Working data =>

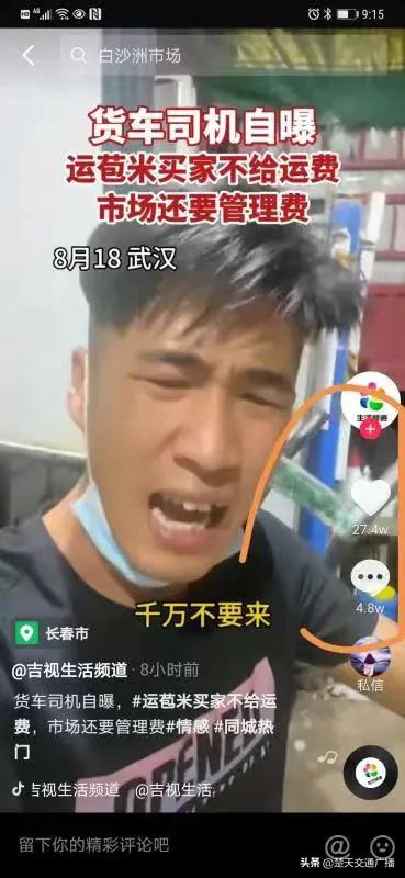 8月18日至19日,網(wǎng)民在網(wǎng)上發(fā)布多條反映“貨車司機自曝運玉米買家不給運費市場還要管理費”的抖音視頻,視頻中一名青年男子口述,其投訴對象為武漢白沙洲大市場。
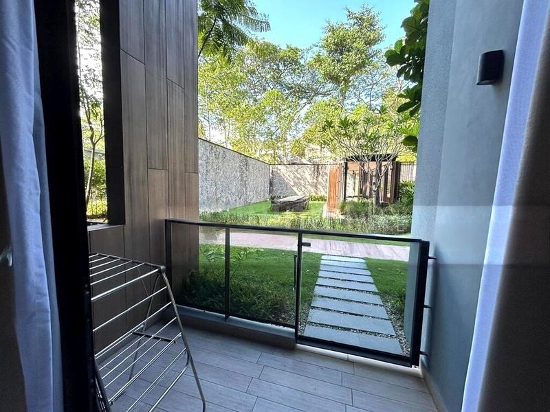 Step into a sanctuary of light and space where high ceilings and floor-to-ceiling windows invite abundant natural light to fill the living and dining area. The bright and airy ambiance is complemented by a serene garden view from the balcony, creating a perfect retreat for relaxation.
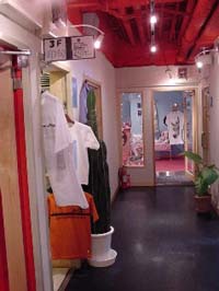 | 旅館時代の部屋をそのまま貸し、服やアクセサリー小物、アロマテラピーなど30軒ほどのテナントが、各々部屋を自由に改装して店舗にしている。店のオーナーたちは若く、ほとんどが自分でデザインした手作りの商品を置いている。各部屋の個性的な内装もみな手作りだ。 |
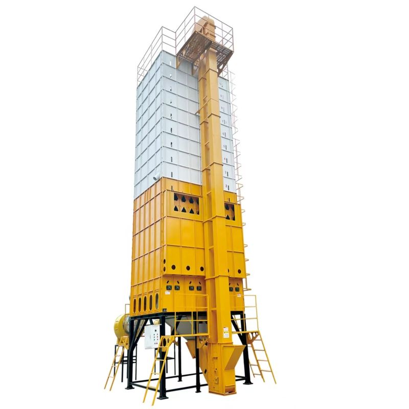 Después de un solo lote de grano en la máquina de secado, use las partes eléctricas juntas en funcionamiento para hacer que el grano circule ordenadamente en el secador, nuevamente por la estufa de combustión de aire caliente que quema combustible para producir aire caliente, bajo la acción de un solo ventilador eléctrico, deje que el aire pase por la capa de secado de flujo mixto del conducto de aire, penetrando y calentando el trabajo del grano, eliminando la humedad del grano a través del flujo de aire, el gas de escape con humedad se descarga de la máquina a través de la succión del ventilador a través de la tubería, y el grano seco es detectado por el medidor de humedad en línea automático para alcanzar el punto de humedad preestablecido, luego la máquina se detiene y se completa el secado.
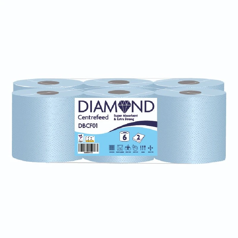 Diamond Blue Value Centrefeed Paper Tissue 6 Roll Pack.
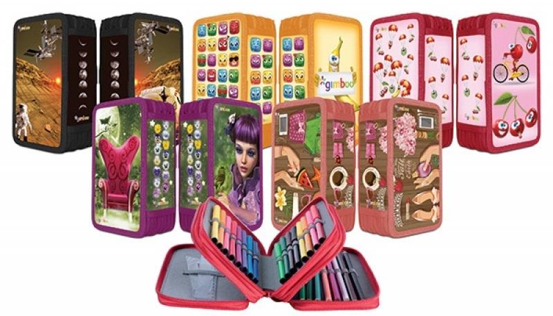 Piórnik szkolny Giimboo 3 komory z wyposażeniem mix
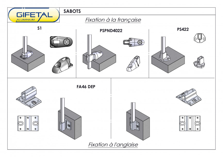 – Pose sur dalle par sabot 1 trou alu moulé forme aile d’avion (type S1)
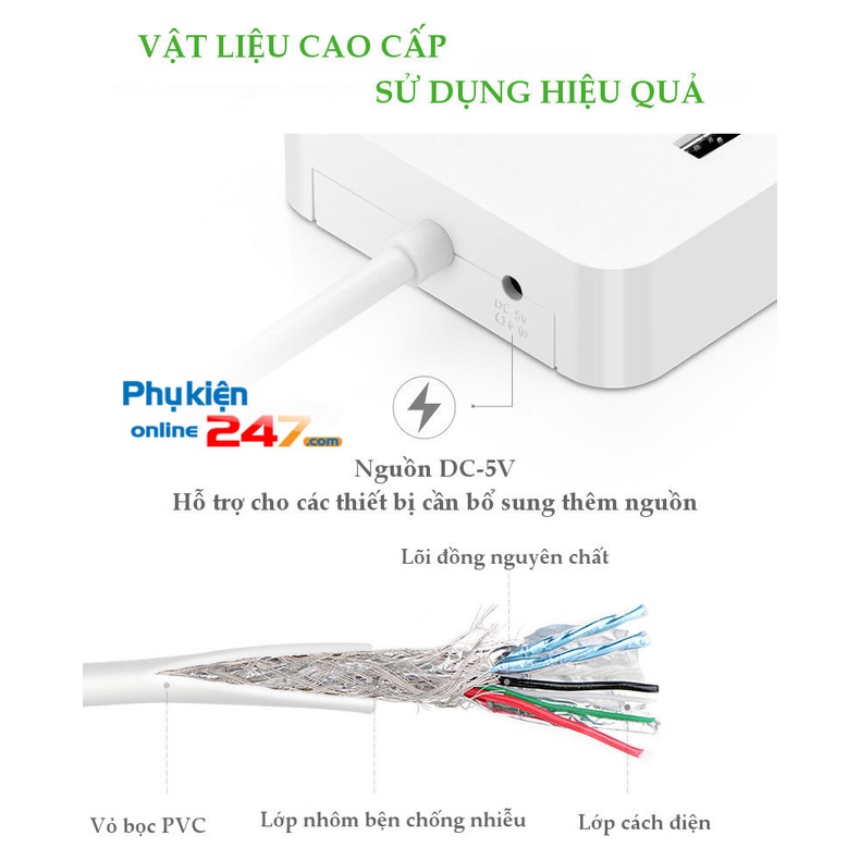 Tính năng: Chuyển đổi USB Type C sang 4 Cổng USB 3.0
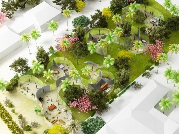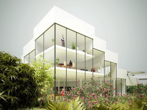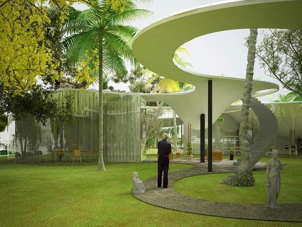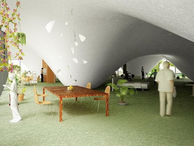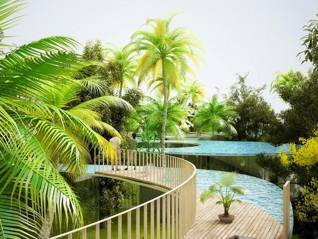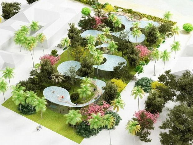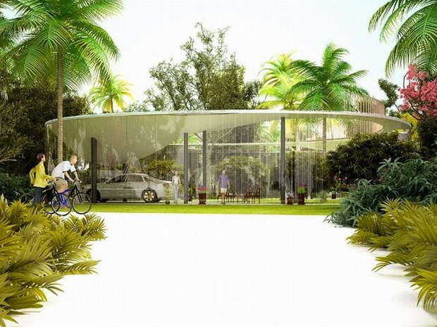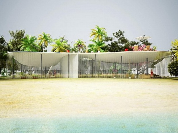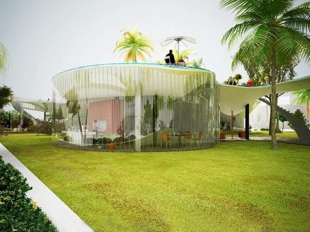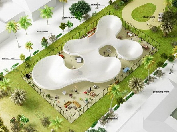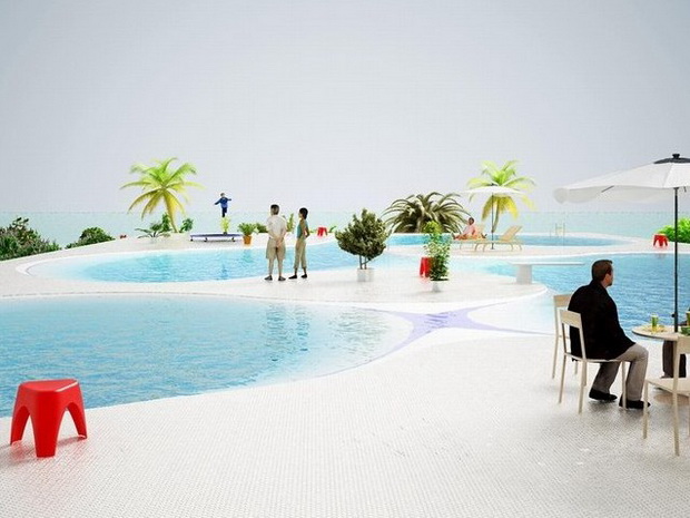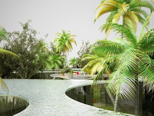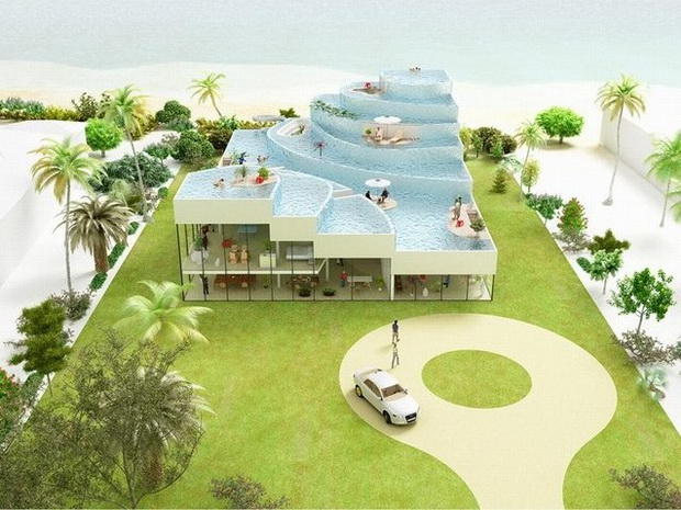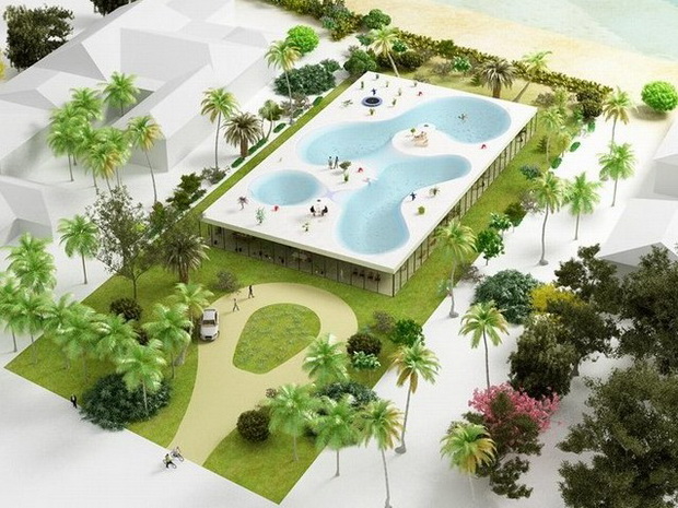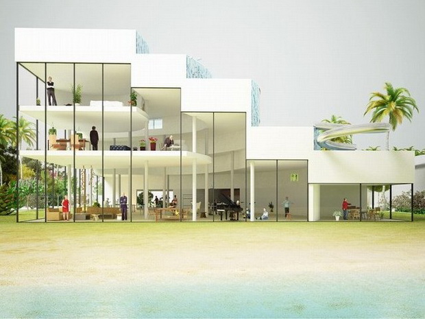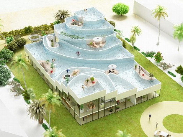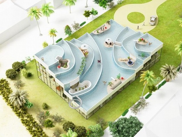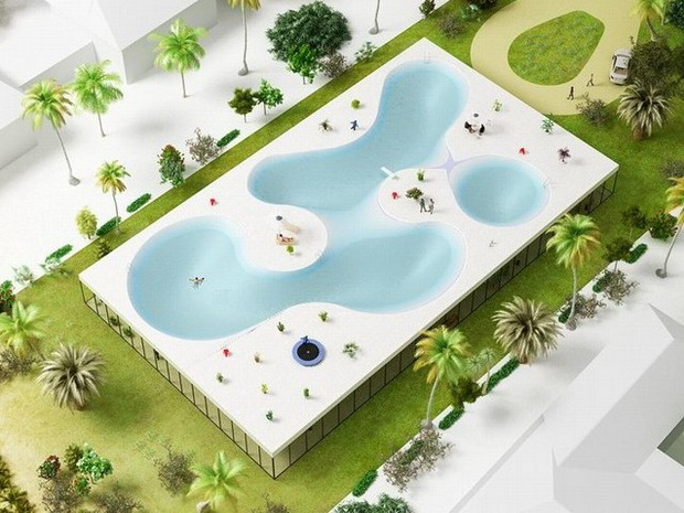 來自荷蘭的NLarchitects建筑事務所總能為我們帶來不一樣的新奇想法,很快他們設想了三個方案。都是將泳池架設在住宅的屋頂,房子的生活區(qū)位于泳池下面,以通透的玻璃幕墻圍合。通過泳池的不同形狀與深度劃分出下面的空間,上面的泳池儼然成為一個水上樂園!

Work to be completed => Starting with the line that holds "d’avion (type S1)", reproduce exactly each line up to and including the last line of the material above, and drop the pictures.

Exercise output =>
 – Pose sur dalle par sabot 1 trou alu moulé forme aile d’avion (type S1)
 Tính năng: Chuyển đổi USB Type C sang 4 Cổng USB 3.0
 來自荷蘭的NLarchitects建筑事務所總能為我們帶來不一樣的新奇想法,很快他們設想了三個方案。都是將泳池架設在住宅的屋頂,房子的生活區(qū)位于泳池下面,以通透的玻璃幕墻圍合。通過泳池的不同形狀與深度劃分出下面的空間,上面的泳池儼然成為一個水上樂園!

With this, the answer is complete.